- **Aim of the exercise**:
From the first line to the last, set down the material exactly, leaving out its pictures.

- **Data extract**:
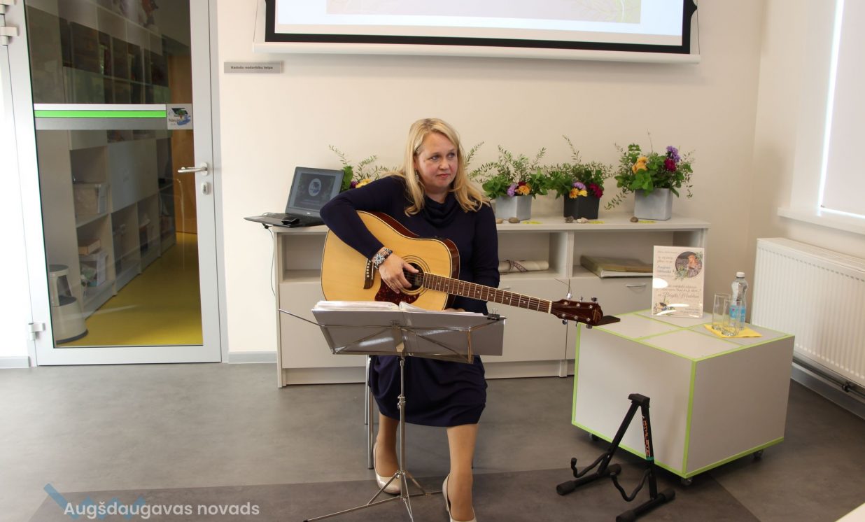 Naujenes bibliotēkā noritēja tikšanās ar dziesminieci Brigitu Madelāni
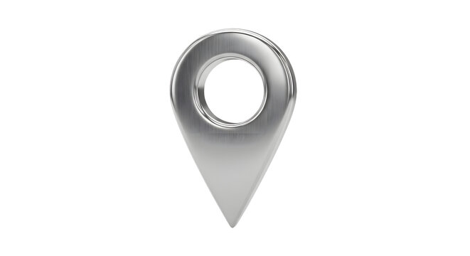 Metallic Silver Location Pin Icon on White Background
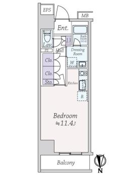 間取り 1K 専有面積 32.49m2(9.8坪) 壁芯

- **Output of the exercise**:
 Naujenes bibliotēkā noritēja tikšanās ar dziesminieci Brigitu Madelāni
 Metallic Silver Location Pin Icon on White Background
 間取り 1K 専有面積 32.49m2(9.8坪) 壁芯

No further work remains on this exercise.